- _WORK TO COMPLETE_
Look below for the line that contains "無地 キッズ半袖tシャツ レディース半袖tシャツ", and write out exactly that line and all remaining lines of the listing, omitting pictures.

- _GIVEN DATA_
+ + + + +

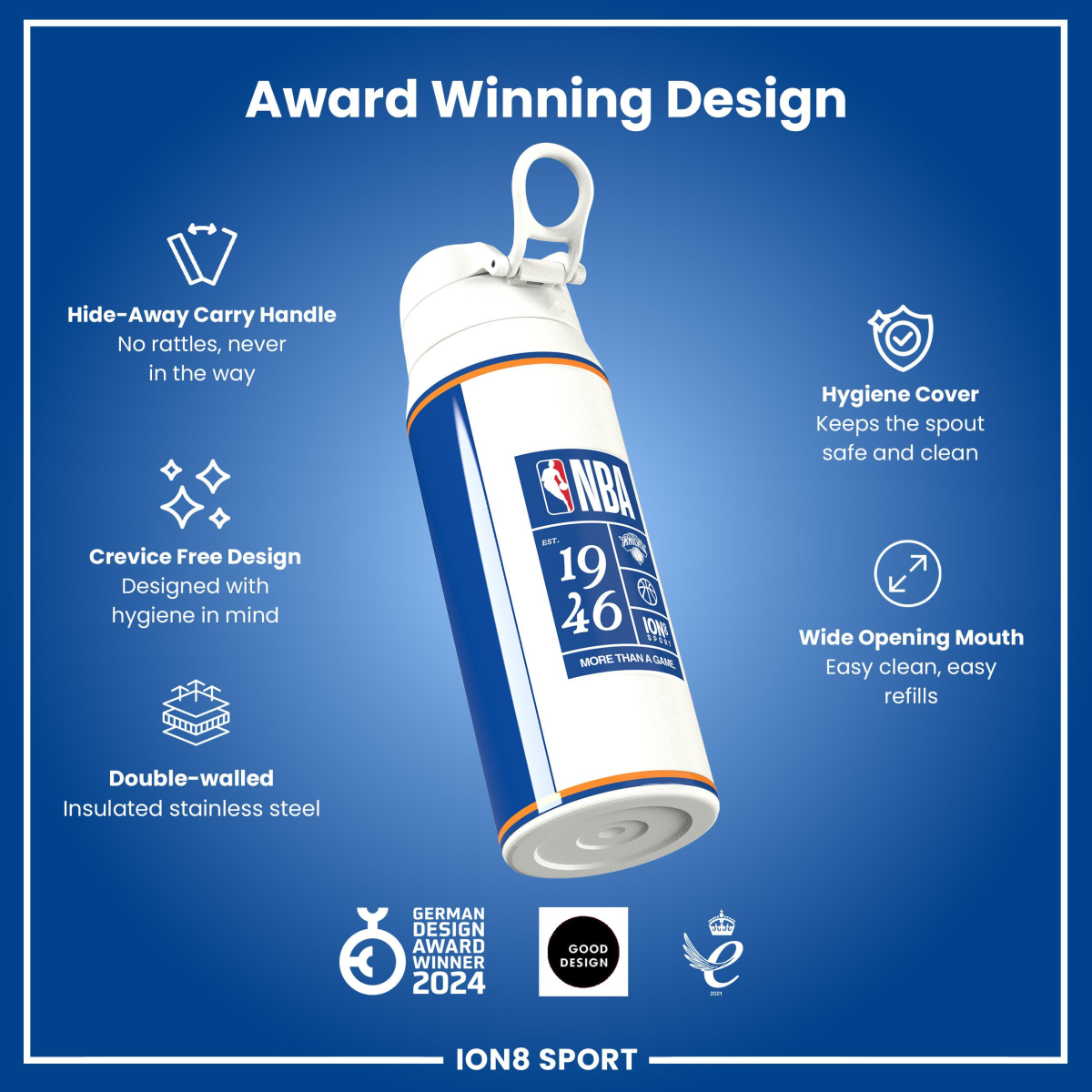 Raise your game with the Official NBA Thermal Insulated Bottle by ION8. Designed to meet the uncompromising standards of NBA, this 750ml double-wall stainless steel bottle combines premium performance with unmistakable NBA pride.
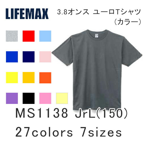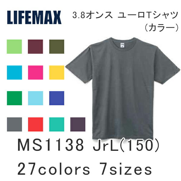 【B】tシャツ 無地 キッズ半袖tシャツ レディース半袖tシャツ ユニセックス 白無地tシャツ│3.8オンス Tシャツ│LIFEMAX(ライフマックス) │Jr. Lサイズ 150│メンズ レディース│MS1138│3.8 オンス ユーロ Tシャツ (カラー) -B-
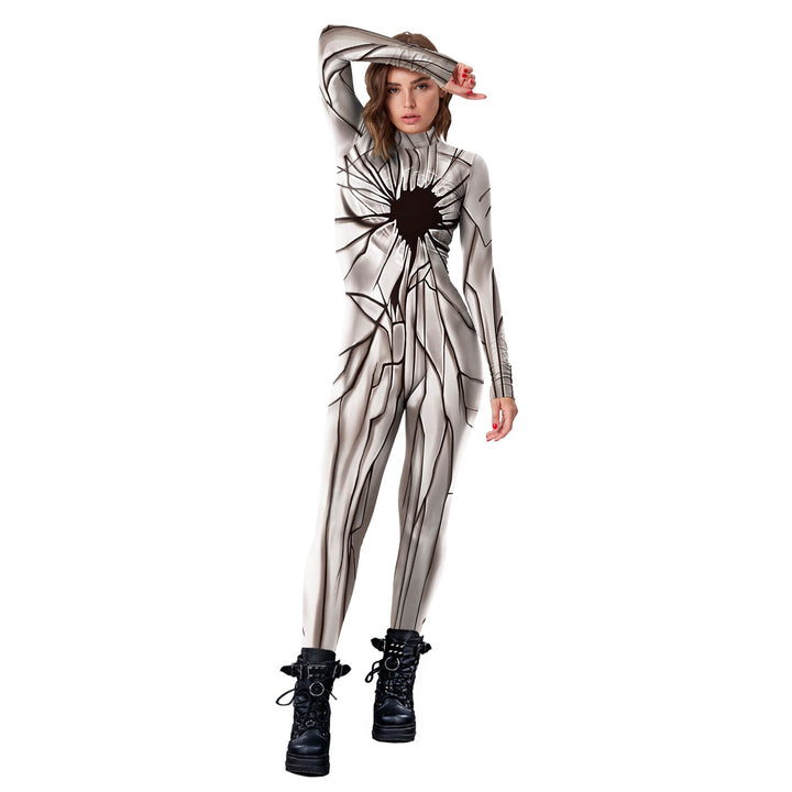 Women Cosplay Costume Zentai Bodysuit Broken Body 3D Print Jumpsuits Halloween Party Outfits Female Long Sleeve Clothes

+ + + + +

- _SOLUTION TO THE EXERCISE_
 【B】tシャツ 無地 キッズ半袖tシャツ レディース半袖tシャツ ユニセックス 白無地tシャツ│3.8オンス Tシャツ│LIFEMAX(ライフマックス) │Jr. Lサイズ 150│メンズ レディース│MS1138│3.8 オンス ユーロ Tシャツ (カラー) -B-
 Women Cosplay Costume Zentai Bodysuit Broken Body 3D Print Jumpsuits Halloween Party Outfits Female Long Sleeve Clothes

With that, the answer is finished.